The Intergovernmental Panel on Climate Change’s most recent set of reports, generally referred to collectively as the Fifth Assessment Report, present significant data and findings about climate change. But what role does law play in addressing and responding to these findings? This book, the second by the Environmental Law Collaborative, an affiliation of environmental law professors, focuses on the relationship between law and the Fifth Assessment Report in hopes of bridging this gap. This book’s chapters are illustrative of the overwhelming number of legal issues that climate change creates. Some of the contributions remain directly tied to the text of the IPCC’s reports, while others focus on climate change more generally. Together, this volume contributes to a constructive and helpful discussion about how to address the climate change challenge.

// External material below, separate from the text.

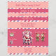 A striped pink, blue and purple design shines through the lines and on the back of the flyer.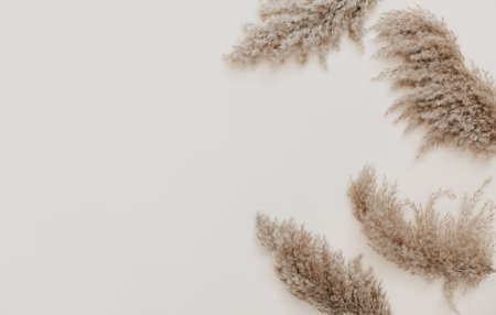 Pampas branch flowers on beige background. Beautiful pattern with neutral colors. Minimal, stylish concept. Flat lay, top view, copy space

The Environmental Law Collaborative has once again produced a volume of contributions on a theme of vital importance. Contemporary Issues in Climate Change Law and Policy uses the IPCC’s latest round of reports as the lens through which to assess the progress and trajectory of law for climate change mitigation and adaptation. The result is a collection of chapters that are remarkably diverse in coverage yet coherent and intent in focus. Topics span the waterfront from national security and water infrastructure to religious perspectives and local community action. Each chapter stands on its own as thorough, insightful, and engaging, as well as a bountiful resource of law and policy update and analysis. Unified in the book through its core theme, the authors provide much to be gained for everyone from a newcomer to the rough and tumble of climate policy to those already steeped in its discourse.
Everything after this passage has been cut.